# EXERCISE DETAILS
Reproduce the following data exactly, minus any images.

# SUPPLIED DATA
──────
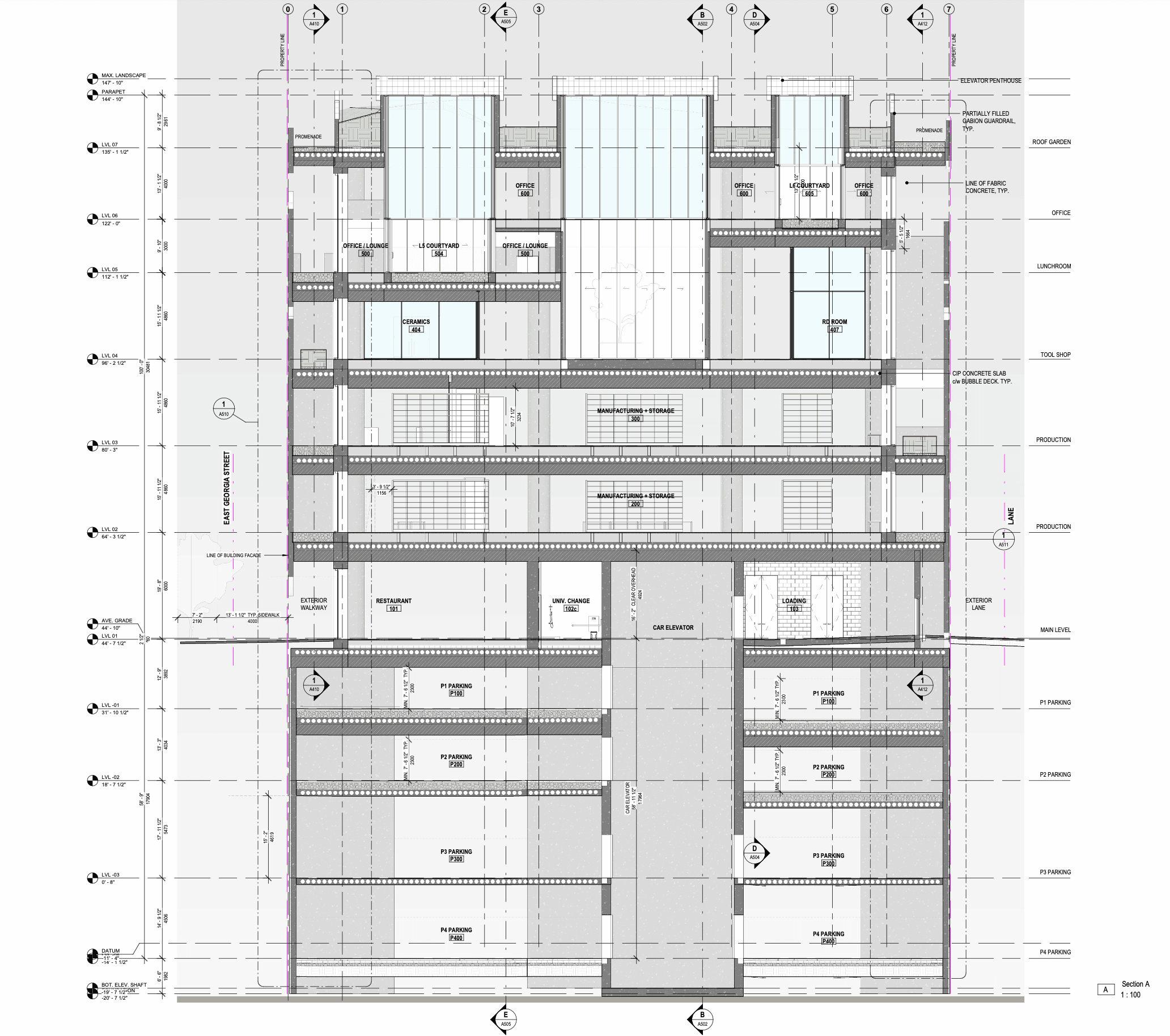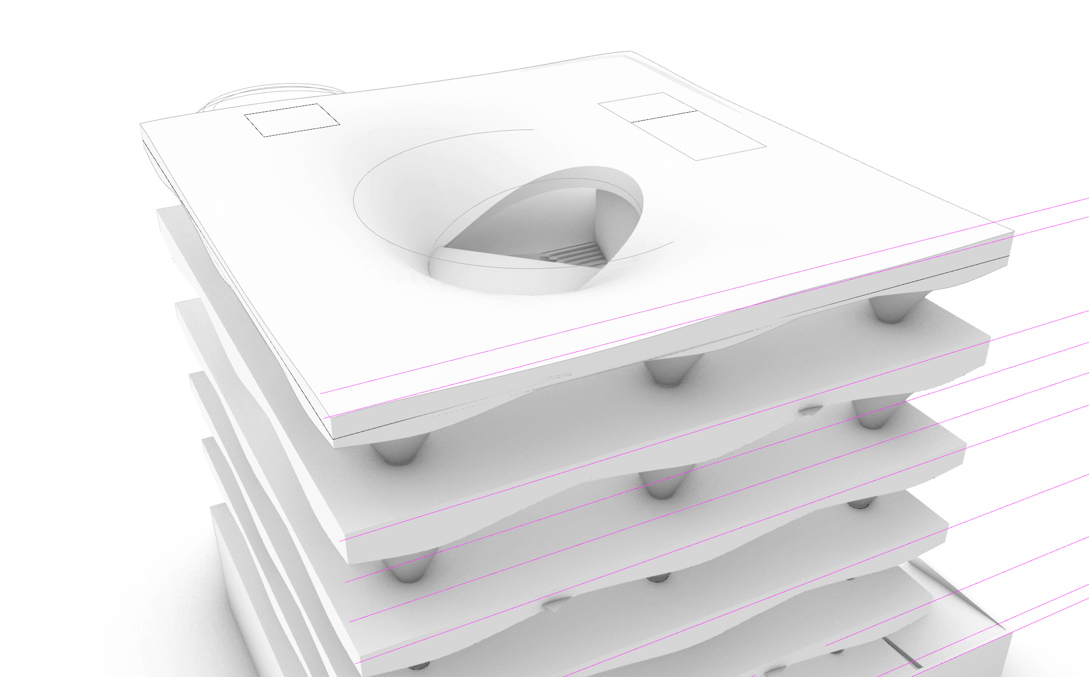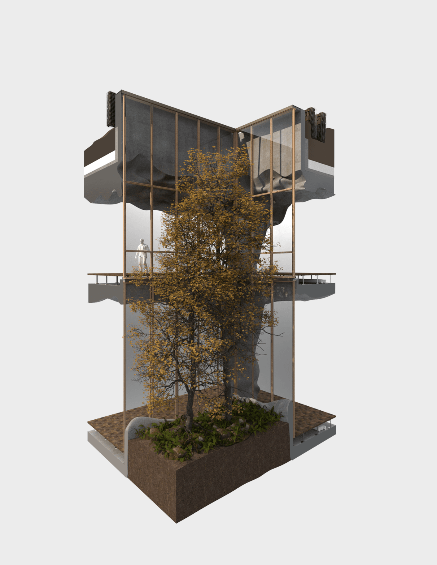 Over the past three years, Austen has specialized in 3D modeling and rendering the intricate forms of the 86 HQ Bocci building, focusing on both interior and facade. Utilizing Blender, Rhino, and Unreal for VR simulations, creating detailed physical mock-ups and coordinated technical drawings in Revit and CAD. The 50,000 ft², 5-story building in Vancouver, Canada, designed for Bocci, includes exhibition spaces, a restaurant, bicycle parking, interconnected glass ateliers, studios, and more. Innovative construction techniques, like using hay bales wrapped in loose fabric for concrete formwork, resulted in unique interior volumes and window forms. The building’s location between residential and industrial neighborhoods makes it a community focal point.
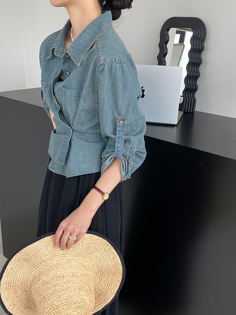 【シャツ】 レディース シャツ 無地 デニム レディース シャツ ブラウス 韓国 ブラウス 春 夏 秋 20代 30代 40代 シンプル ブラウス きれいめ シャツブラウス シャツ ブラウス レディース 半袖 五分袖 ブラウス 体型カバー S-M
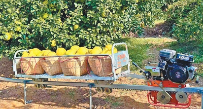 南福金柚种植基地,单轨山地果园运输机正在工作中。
──────
# TASK RESPONSE
 Over the past three years, Austen has specialized in 3D modeling and rendering the intricate forms of the 86 HQ Bocci building, focusing on both interior and facade. Utilizing Blender, Rhino, and Unreal for VR simulations, creating detailed physical mock-ups and coordinated technical drawings in Revit and CAD. The 50,000 ft², 5-story building in Vancouver, Canada, designed for Bocci, includes exhibition spaces, a restaurant, bicycle parking, interconnected glass ateliers, studios, and more. Innovative construction techniques, like using hay bales wrapped in loose fabric for concrete formwork, resulted in unique interior volumes and window forms. The building’s location between residential and industrial neighborhoods makes it a community focal point.
 【シャツ】 レディース シャツ 無地 デニム レディース シャツ ブラウス 韓国 ブラウス 春 夏 秋 20代 30代 40代 シンプル ブラウス きれいめ シャツブラウス シャツ ブラウス レディース 半袖 五分袖 ブラウス 体型カバー S-M
 南福金柚种植基地,单轨山地果园运输机正在工作中。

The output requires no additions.